[Data shown — start]
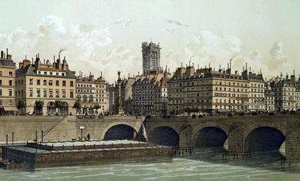 | Keywords: Place du Châtelet et Pont au Change, 1830.jpg Artwork The Place du Châtelet takes its name from the ancient fortress Le Grand Châtelet that was constructed to guard the Pont au Change It was destroyed by Napoléon I Napleon III however gave it its present form In the center of the Place stands a fountain A column built in 1808 is a monument to the victories of Napoléon I 1875-1882 lithograph 24 x 30 cm Institution Brown University Library object history exhibition history credit line Published in Theodor Josef Hubert Hoffbauer Paris à travers les âges Paris Firmin-Didot et cie 1885 accession number 1145901303675362 PD-old Lithographs of Paris Images of Paris from the Brown University Library Paris à travers les âges Place du Châtelet Paris Historical images of Pont au Change Fontaine du Palmier Historical images of Tour Saint-Jacques 1830 Quai de la Mégisserie Paris 1830 in Paris |
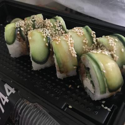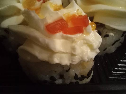 Состав: лосось, огурец, сливочный сыр, соус спайси, кунжут кимчи, соус терияки, кляр, сухари панко
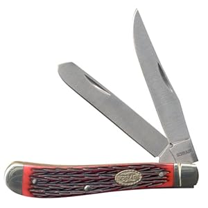 Product Description : GUNSTOCK TRAPPER 3 7/8 CLOSED 2 BLADE WITH RED PICK BONE HANDLEName: Gunstock Trapper Blade Steel: Stainless Handle Material: Red Pick Bone Blade Types: California Clip & Spey Weight: 3 oz Overall Length: 7 (17.8 cm) Handle Length: 4 (10.2 cm) Blade Length: 3 (7.6 cm)
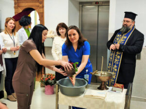 В празничния ритуал участваха още началниците на Родилното отделение и Отделението по неонатология, както и целият медицински екип на клиниката.
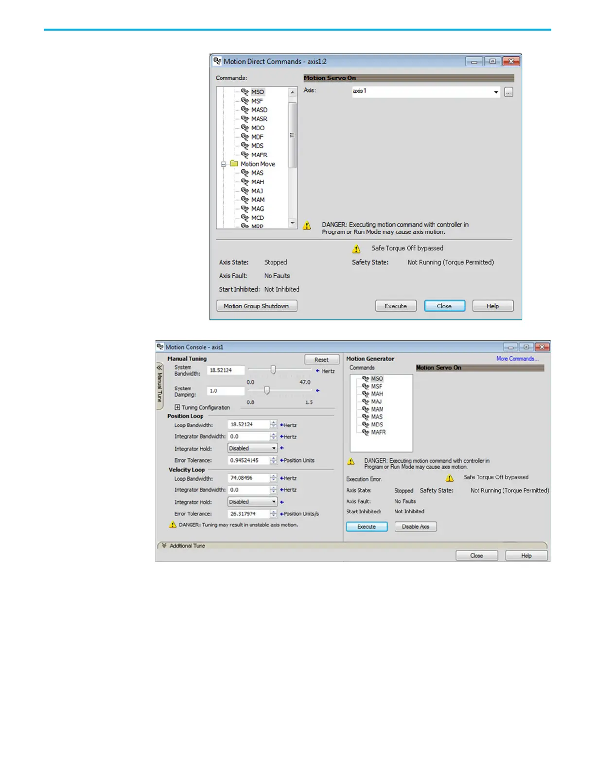Figure 87 - Axis and Safe State Indications on Motion Direct Commands Dialog Box
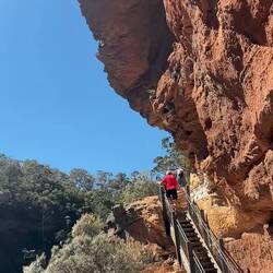 Na een vrij lang stuk wat niet per se heel moeilijk was, kwamen we bij een supersteile trap die aan geen einde leek te komen, totdat... de Wentworth falls tevoorschijn kwamen!
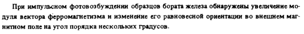 При импульсном фотовозбуждении образцов бората железа обнаружены увеличение модуля вектора ферромагнетизма и изменение его равновесной ориентации во внешнем магнитном поле на угол порядка нескольких градусов.
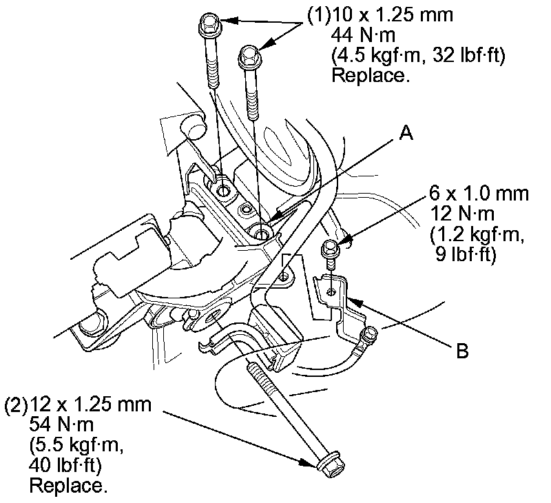 17. Loosely install the upper half of the side engine mount bracket (A), then install the ground cable bracket (B).
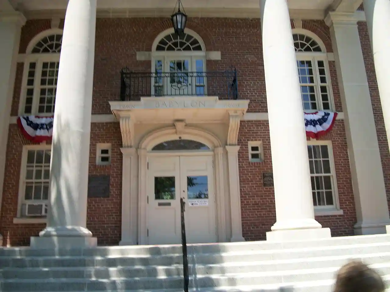 Babylon Town Hall, also known as Town of Babylon Old Town Hall, is a historic town hall located at Babylon in Suffolk County, New York. It was built in 1917 and is a -story Classical Revival style building with a low hipped roof. It is rectangular in shape, approximately 58 feet long and 54 feet wide. It features a cupola at the center of the roof and a large 2-story portico with four Doric order columns. It housed town offices until 1958, and housed district courts until 1979, when it was sold. Old Town Hall was purchased back by the town in June 2004 and rededicated on Sunday, October 24, 2004. See also: and: Read more on Wikipedia
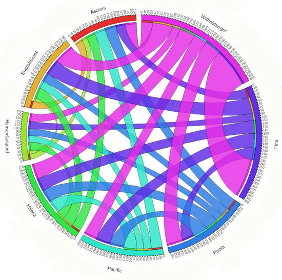 Circos plots showing the number of RGAs with the same CNV events among eight winter type and blackleg resistant B. napus cultivars. Each ribbon shows number of RGAs with CNV in common, the wider ribbon, the highest number of RGAs with the same CNV.
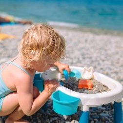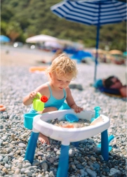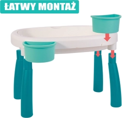 Odkrijte univerzalno otroško mizico za vodo in pesek 2v1, ki vsako popoldne spremeni v majhen počitniški svet. Dva ločena vsebnika omogočata kombiniranje vodnih iger z peščenimi aktivnostmi, medtem ko stabilne noge in trpežna plastika zagotavljajo varno igro doma, na vrtu ali na plaži.
[Data shown — finish]
Pictures excluded, transcribe the listing above exactly from the line with "В празничния ритуал" through the line with "Na een vrij", and no further.

 В празничния ритуал участваха още началниците на Родилното отделение и Отделението по неонатология, както и целият медицински екип на клиниката.
Figure 87 - Axis and Safe State Indications on Motion Direct Commands Dialog Box
 Na een vrij lang stuk wat niet per se heel moeilijk was, kwamen we bij een supersteile trap die aan geen einde leek te komen, totdat... de Wentworth falls tevoorschijn kwamen!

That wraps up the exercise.